The Upper East Side is intensely manageable: Sarah’s mom, whose mobility is limited, has her doctor, her bank, the library, the grocery store, and her daughter all within a three block radius. It’s the most civilized place to be old in America. Crown Heights is amazing because it’s staying multi-racial, at least for now. It’s the most integrated neighborhood in New York.
Best spot in New York City that nobody knows about?
Joel’s ass. Oh, wait, that nobody knows about? Hmm. We’ll get back to you.
What is your favorite restaurant and why?
Sarah: Le Bernardin has the best bargain food in the city—no, really—if you go for lunch on a weekday. The set menu is better than any dinner menu anywhere else on the planet. The wine list is chock full of affordable bottles that taste way out of your price range—just like the meal. Go there now.

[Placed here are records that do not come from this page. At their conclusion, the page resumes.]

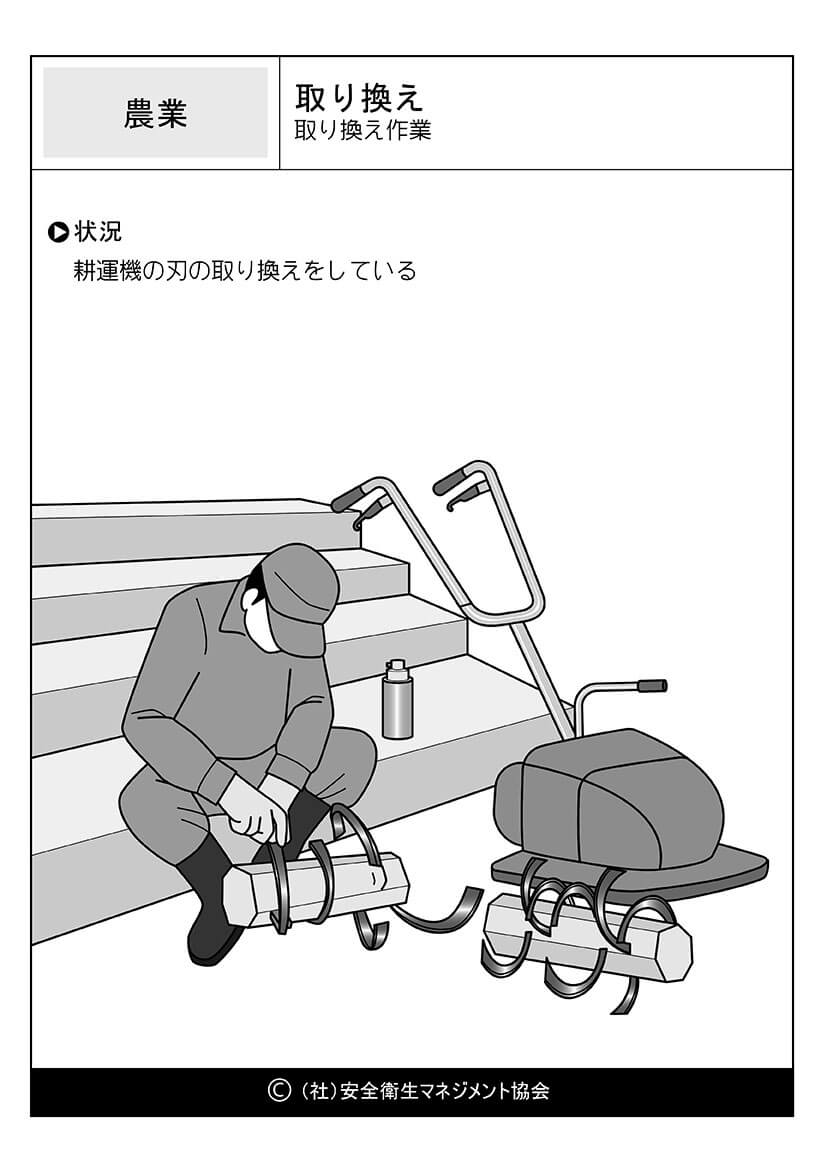 ホーム > 危険予知訓練(KYT)無料イラストシート集 > 農業 危険予知活動 以下(一財)中小建設業特別教育協会へのリンク 危険予知訓練(KYT) 危険予知活動(KY)動画集 カテゴリー 林業 (1) 製造業 (56) 医療・看護 (60) 事務・一般 (59) 飲食 (23) 実験 (21) その他 (8) 運輸業 (16) 農業 (25) 水産・漁業 (18) 取り換え-耕運機の刃の取り替え 耕運機の刃の取り替え //php if ( the_field('jyokyo') ) : ?> PDFダウンロード 状況 耕運機の刃の取り換えをしている カテゴリー: 農業 このページをシェアする Twitter Facebook LINE 講習会をお探しですか? 講習会一覧はこちら スケジュールページからお申込み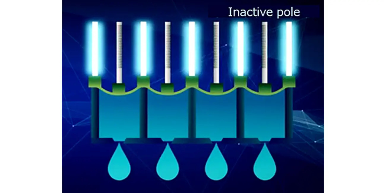 The supports for individual ink tanks are weak with the conventional push-mode piezo device. When a piezo actuator pushes the tank, it influences and warps the adjacent tanks. Consequently, the amounts of ink discharges vary in the center and ends of the head. To solve this problem, Ricoh uses active and inactive piezo poles. An active pole, which produces pressure fluctuations in an individual tank, is supported by inactive poles at both ends. This construction prevents mutual interference between the adjacent tanks. The inactive poles located between the individual tanks enable stable, accurate control of ink discharges from the tanks. Further, the active and inactive piezo poles are alternately positioned at a density double the nozzle pitch. Push-mode piezo devices are generally rigid, but Ricoh's construction is even stronger and boasts high durability. The stable, accurate control of ink discharges has enabled high-speed printing while using optimal drop sizes for different images (multi-drop control technology). The speed and quality of printing have been greatly enhanced.
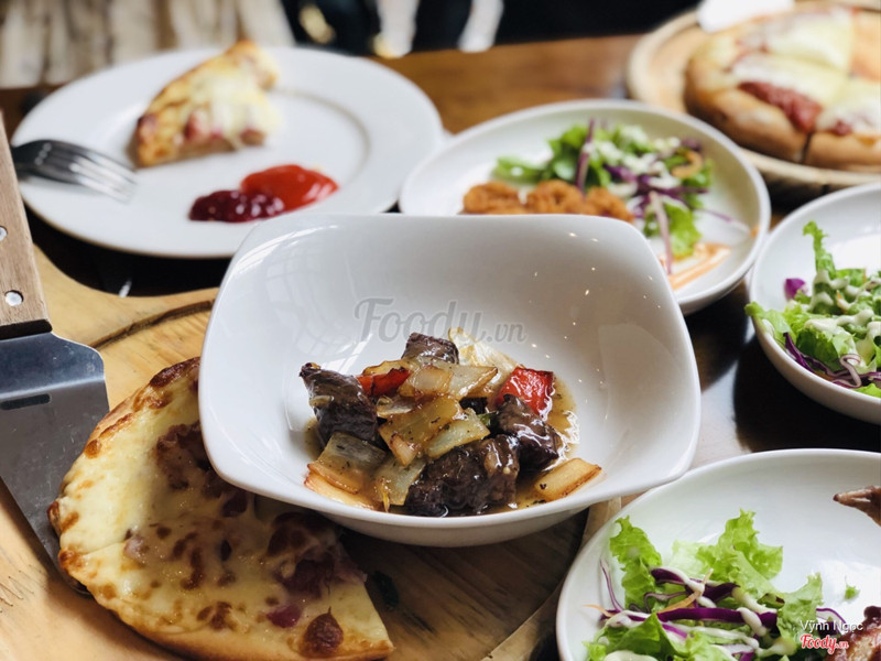 9.2Buffet đồ Tây tuyệt vời!!Tối qua, mình và bạn thân mình đến ăn ở đây. Do vô tình thấy bài đăng trên fb vè buffet đồ Tây nên mình thấy tò mò quá mình quyết định đi ăn thử 1 lần xem sao. Với mức giá 149k mà đc ăn thỏa thích hơn 30 món tr menu v là quá rẻ luôn. Mình thực sự rất hài lòng về các món như pizza bò băm đế dày, nhân thịt bò băm đầy đặn, lườn ngỗng sốt tiêu đậm đà và thịt ngỗng rất mềm, mực chiên Tata nóng giòn chấm cùg sốt gì đó màu vàng rất hợp nh mình k biết tên, salad hoa quả rất dễ ăn nên mình order tận 2 đĩa ăn cho đã vì mình rất thích ăn dưa hấu hihi. Nhưng cũg có vài món mình chưa thực sự hài lòng đó là salad Nga hơi ngấy vì nhiều sốt béo và khoai tây quá, cũg 1 phần do đó là món cuối mình ăn nên cảm giác no làm mình thấy món ăn k còn ngon miệng. Thêm món nữa là pizza Carbonara nhiều sốt phô mai quá nên ăn nhiều hơi ngấy và đế dày quá. Phục vụ thì k có gì để chê, các anh order khá chu đáo: Có 2 a thi thoảng ra dọn đĩa giúp mình và tận tình giải đáp thắc mắc về đồ ăn cho mình. Thực sự với mức giá đó thì quá rẻ so với chất lượng đồ ăn và phục vụ. Mình chắc chắn sẽ còn quay lại nh lần sau mình sẽ rủ thêm nhiều bạn để thưởng thức thêm nhiều món ở nhà hàng. Vote 4.9999 sao hihi ...Xem thêm

Joel: Taco Bell. I’m a food Philistine.
Sarah: I have a soft spot for the bone marrow at Blue Ribbon because it makes me feel like a caveman.
Joel: The Popover Café on 87th/Amsterdam because when they catch me sneaking my fluffy white dogs in in their little dog bags they don’t kick me out. They also have amazing popovers.
Top three bars in New York City?
Joel doesn’t drink; at a party he attended freshman year of college thrown by the Plummer Professor of Christian Morals he got so drunk on Bishop’s Punch—one part fruit juice to two parts bourbon—that he had dry heaves the next day and since then alcohol turns his stomach. Furthermore bars make him loathe himself even more than he already does. So he has no idea whatsoever how to answer this question. Sarah will drink champagne anywhere, any time, as long as it’s good champagne. Frequently it’s pink.
Best place to get your culture on?
Joel: The Strand bookstore.
Sarah: Any local NYPL branch. What NYC lacks in research libraries it compensates for with neighborhood branches.
Perfect Sunday in the city?
Joel: Eating chocolate peanut-butter truffle ice cream while watching Golden Girls marathons.
Sarah: Eating chocolate peanut-butter truffle ice cream while watching Star Wars: A New Hope marathons.
Ideal New York “staycation”?
Joel: Two words, Spa Castle
Joel, we hear you used to work at Splash
Back when I was in good enough shape to be a go-go boy I danced there a few times; I was disappointed because the raids kept happening on nights I wasn’t there. Also, let me tell you, the showers for the shower show are fucking freezing.